RADEON 9700. Because of the high power demand of the core, the card is equipped with an auxiliary power connector (arrow)

From a technical standpoint, the hottest and most exciting aspects of the R9700 are the raw power features packed onto the die. Manufactured in Taiwan by TSMC using 0.15 um technology, the core of the R300 still runs at 1.5V with the equivalent power draw and heat dissipation. The transition to a 130 nm process was originally planned to coincide with the launch of the R300 core, however, the technology is still to fragile, too many resources are further occupied at TSMC and overall, the additional potential gains were not worth the risk involved in combining new, uncharted technology with a new process which would have exponentially increased the possible pitfalls.

The side effect of the delayed launch of the 130 nm process is increased power demand that actually exceeds the AGP 3.0 specifications and, therefore, the RADEON 9700 requires external power, reminiscent of the 3dfx VooDoo5. Upping the core voltage to levels that require more power, however, allows to increase the clock speed beyond the 200 + MHz that the VP10 and the Parhelia are stuck with for the time being.

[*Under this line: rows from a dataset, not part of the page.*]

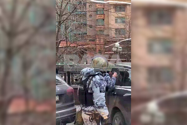 На опубликованных кадрах видно, как взрывотехники с собакой проверяют припаркованные возле здания машины. Они осматривают автомобили и заглядывают в окна.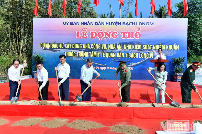 Cũng trong chương trình làm việc, Tổng Bí thư đã dự Lễ động thổ Dự án xây dựng nhà công vụ, nhà ăn, nhà kiểm soát nhiễm khuẩn thuộc Trung tâm y tế Quân- Dân-Y huyện Bạch Long Vĩ. Dự án quy mô gồm hai khu nhà 2 tầng, 14 phòng chức năng, tổng diện tích sàn khoảng 780m2, đầu tư trang thiết bị đồng bộ và hiện đại. Công trình hoàn thành đưa vào sử dụng sẽ góp phần nâng cao năng lực, chất lượng khám, điều trị bệnh của Trung tâm y tế quân dân y Bạch Long Vĩ.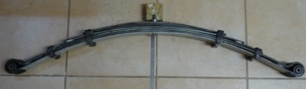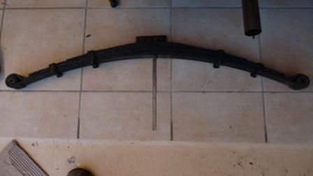 J'ai besoin d'un conseil pour remonter les lames de suspension arrière (Spitfire Mk2). Après le démontage (sans PB particulier), j'ai démonté les lames (8 lames : 7 + 1 qui visiblement n'était pas d'origine : courbure plus plane). J'ai mis des cales en téflon entre les lames et ré-assemblé les 7 lames (je n'ai pas remise la huitième). La flèche est passé de 120 mm à 147mm. En replaçant les lames dans la voiture : ca passe tout juste, je me demande comment procéder pour compresser les lames. En effet, je ne peux pas remettre les goujons et plaque de maintien des lames sur le pont : les lames sont bien trop hautes à cet endroit. Je précise que je n'ai pas mis les boulons aux extrémités des lames (sur les fusées) mais les extrémités des lames ne peuvent déscendre beaucoup : les durites gênent. Comment procéder vous avec des lames avec une tel cambrure ? Merci pour vos conseils, 1er photo : lames avant désassemblage : flèche de 120mm |
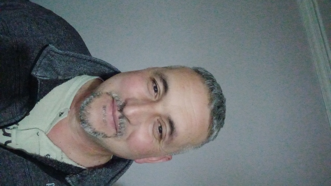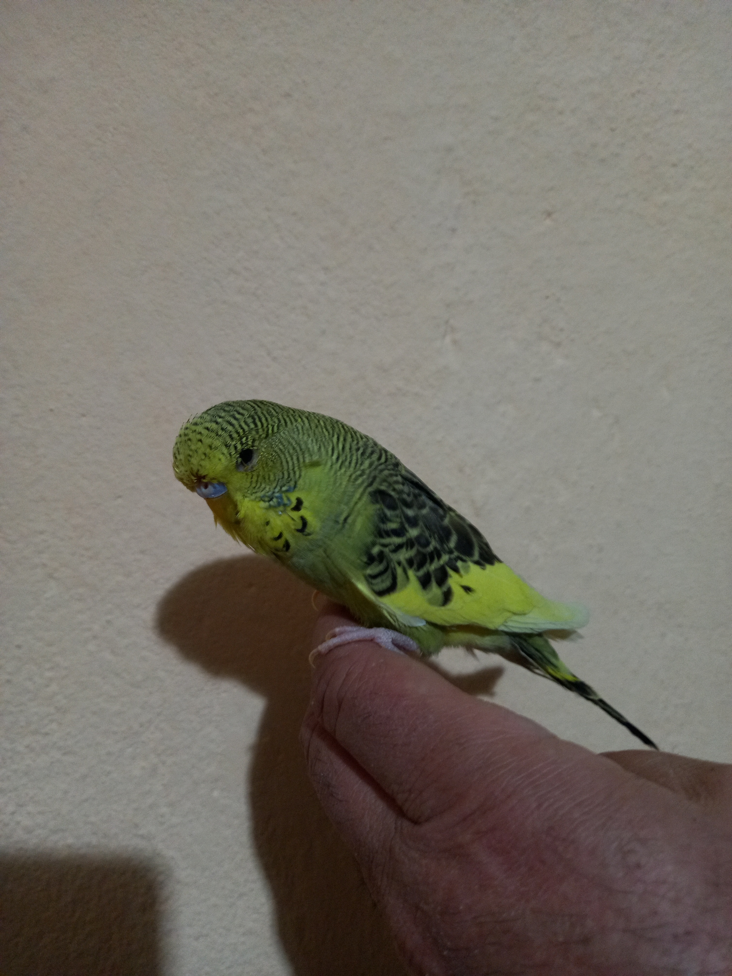 A person is holding a green and yellow parakeet. The parakeet's head is pointing downward. The background is a beige wall. The location is Asenovgrad, Bulgaria.

The Quad-Channel memory interface of the R300

The memory interface has increased to 256-bit width to ensure enough bandwidth from the Local Frame Buffer (LFB) to the R300 core. At the announced frequency of 600 mbps (mebabit/sec/pin) the wide interface will deliver no less than 19.2 GB/sec total bandwith, variations in memory speed will allow to push the 20 GB/s barrier.

The memory interface is subdivided into 4 independent memory channels (A-D) of 64 bit width each, linked via crossbar architecture to the individual DDR memory controllers (#1-#4 + AGP controller). This massive amount of bandwidth will be required to handle some of the upcoming games like Doom 3 with textures in excess of 80 MB.